If you’re alive today and are willing to avoid the trap of following rules all day, you still have a great chance of becoming wealthy in the USA. The problem is that you’re taught to do the exact opposite, follow rules/take orders to make sure however hired you gets richer. In short, would you hire someone for $100,000 a year if they made you $90,000 a year? Of course not. You’d never operate a business to lose money.
Part 1 - Slowly Lowering Food Quality
In the past no one looked at labels to figure out if they had unhealthy amounts of sugar, unhealthy amounts of chemicals, gluten free, organic, free range so on and so forth. This is a product of technology that eventually went a bit too far.
Starting with Spices and a Fridge: At this point, food quality didn’t change much and simply elongated. With spices and a standard fridge, we reached a point where food wouldn’t spoil in a few days. This was a net win as you could maintain the nutrient content of fruits, vegetables and meat/seafood. Eventually, freezers became common place and things started to get a bit weird. Since this allowed for much longer transportation and longer storage, the ability to send food across sea became possible.

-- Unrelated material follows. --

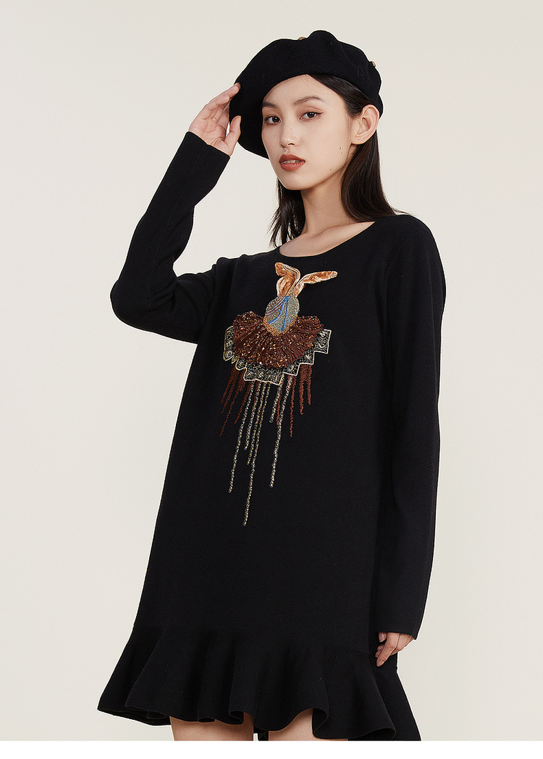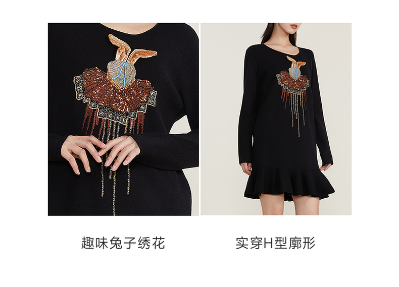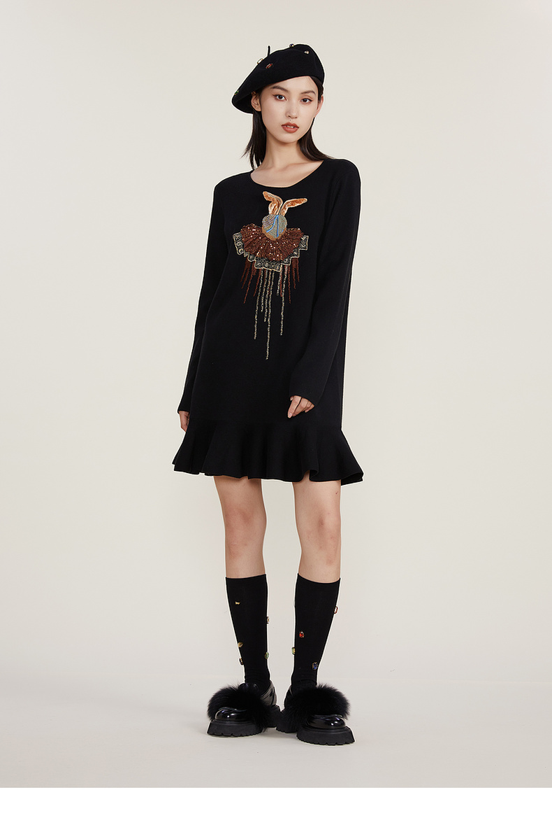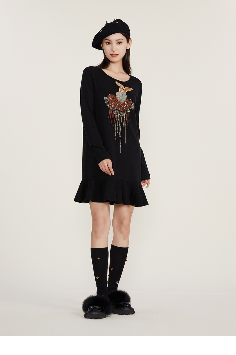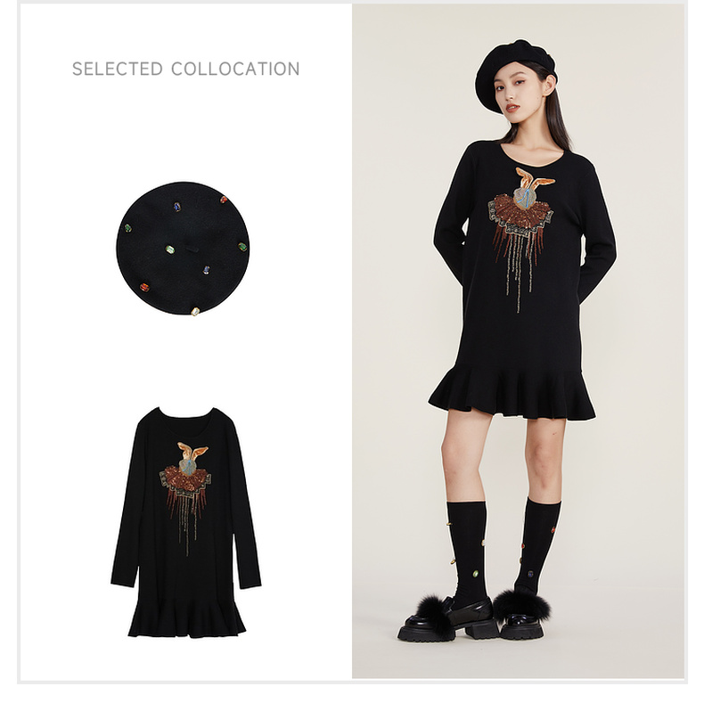 谜底中长款针织衫2022冬新款复古趣味绣花荷叶边连衣裙224MZ1932

Slow Degradation: After this tipping point, we started to develop food and *animals* that were heavily induced with chemicals. Food would not be picked on time, and instead were picked earlier and these items would “ripen” on their journey to the destination. Since this isn’t natural at all, the nutrient content would decline. Similarly, if you look at a massive Chicken farm, you can see them stacked on-top of each other being force fed to become heavier and produce more meat/weight for the eventual sale.
Pro-tip: at this point you are actually better off buying frozen vegetables and fruits in many cases since the product is picked *after* it is ripe and immediately frozen (higher nutrients). Alternative would be purchasing products from your local Farmers market.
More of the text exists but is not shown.